Bravissimo è il mio stesso pensiero.


----------



## Renegade (19 Marzo 2015)

Eh ma Max è un cesso. Conte, invece, che esce ai gironi contro squadre croate e slave da terzo mondo è un fenomeno. Uno che schiera il 5-3-2 e riesce a prenderle in casa dal Benfica, in una competizione che ti garantisce la finale a Torino. Allegri ha i medianacci e non fa gioco. Conte che si chiude anche a 6 in difesa invece è Sacchi. Uno che non si smuove dal suo 3-5-2 neanche se lo fucili. Ma per favore.

La verità è che ancora una volta la società è riuscita a trovare un parafulmine in Allegri, che la maggior parte di voi accusavano di essere la causa principale del male. Il suo unico errore al Milan è stata la diatriba con Pirlo. Ma ai tempi c'era un ottimo Van Bommel. Chi chiama in causa il secondo scudetto perso dimentica lo scandaloso Gol fantasma di Muntari, l'affare Pato-Tevez (uno che a 30 anni fa differenza in Serie A e CL) ormai chiuso e saltato tutti sappiamo perché.
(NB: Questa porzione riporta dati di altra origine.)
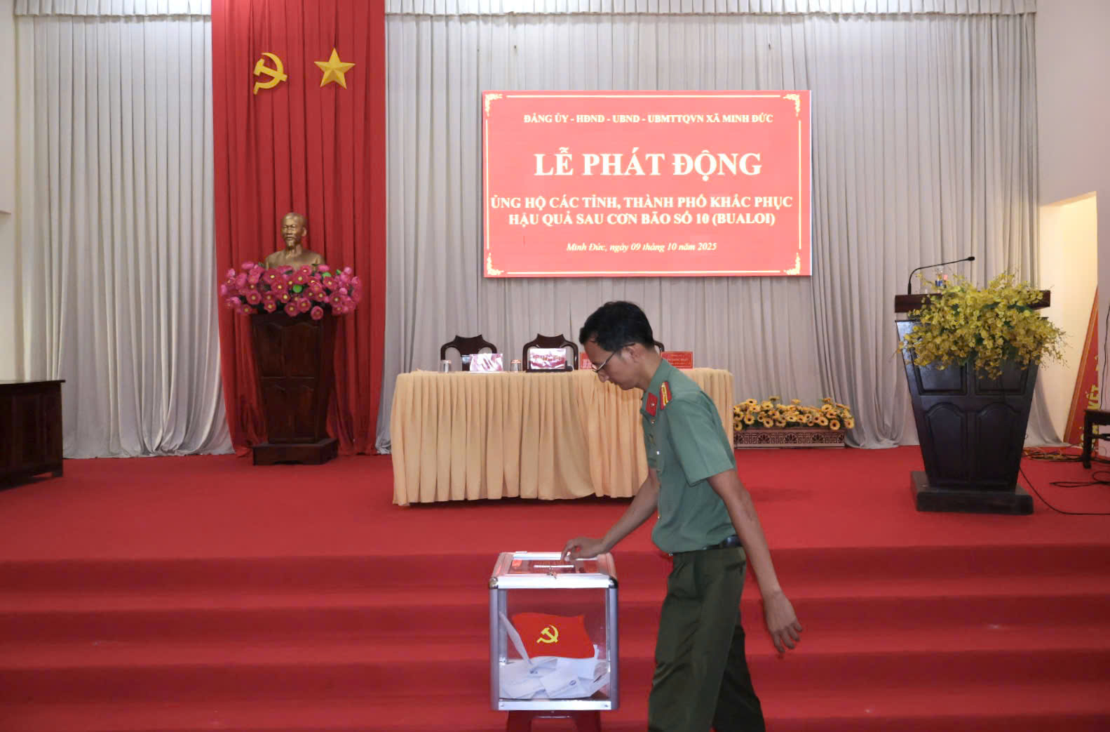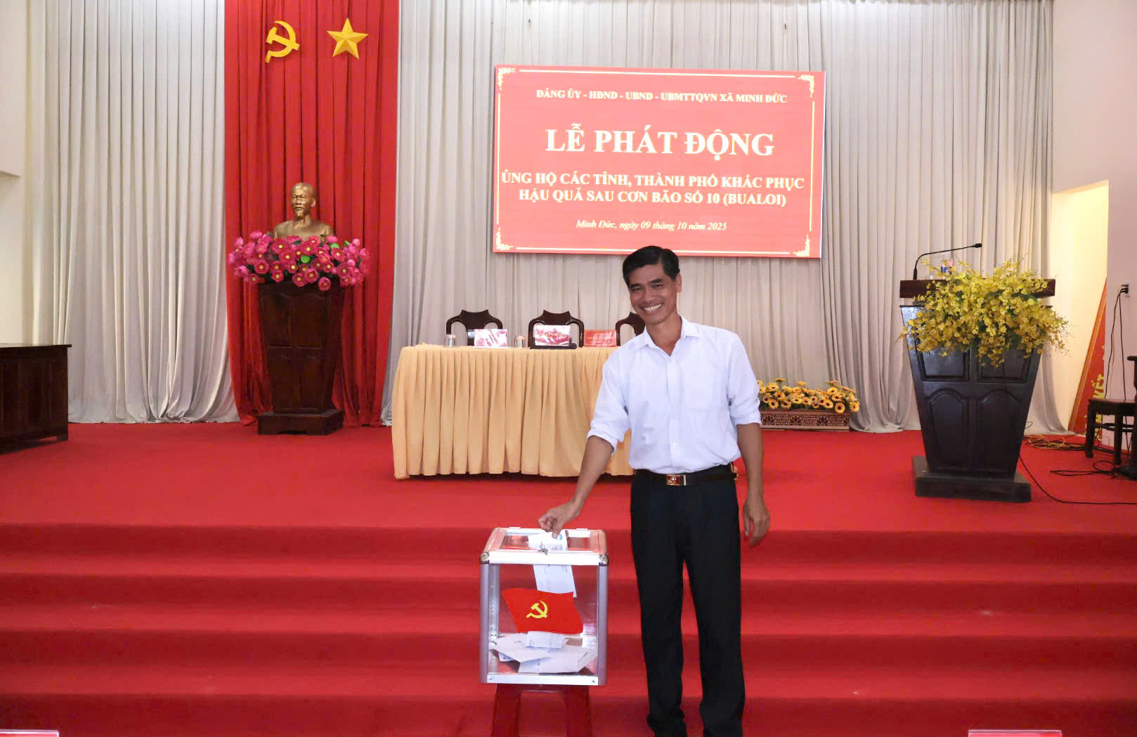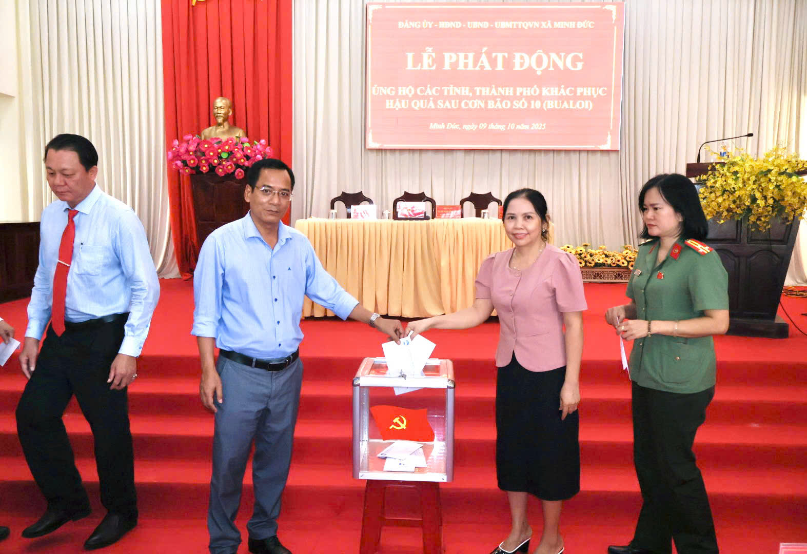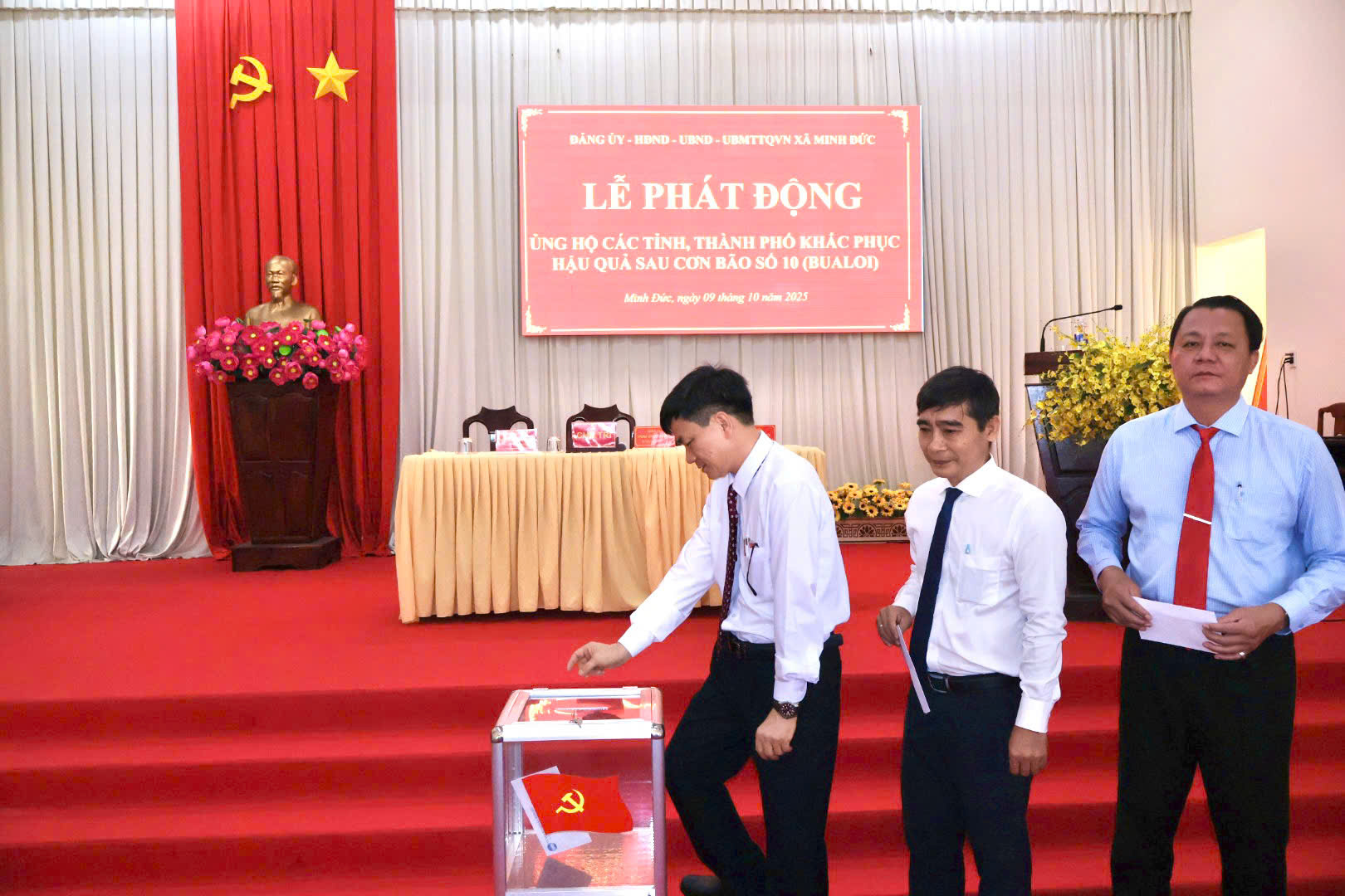 Sáng ngày 09/10/2025, trước khi diễn ra Hội nghị Ban Chấp hành Đảng bộ xã Minh Đức (mở rộng), Ủy ban Mặt trận Tổ quốc Việt Nam xã Minh Đức đã tổ chức phát động đợt quyên góp ủng hộ đồng bào các tỉnh miền Trung đang chịu ảnh hưởng nặng nề do cơn bão Bualoi gây ra.

E il terzo anno riuscì a fare una rimonta con una rosa assurda, la stessa che trascinò al 2-0 al Barcellona, annullando il gioco blaugrana ma non con semplice catenaccio, bensì chiudendo proprio tutti gli spazi. 

Alla Juve sta confermando che non è Guardiola, ma è un buonissimo tecnico. Ha imposto un ottimo modulo, funzionale, traendo il meglio da ciò che ha a disposizione. Ha poi una furbizia senza eguali. Non si fa mettere i piedi in testa e ha subito portato lo spogliatoio dalla sua parte, tant'è che ieri Chiellini ha detto che è stato il cambio allenatore a far fare il salto di qualità e ha praticamente scaricato Conte.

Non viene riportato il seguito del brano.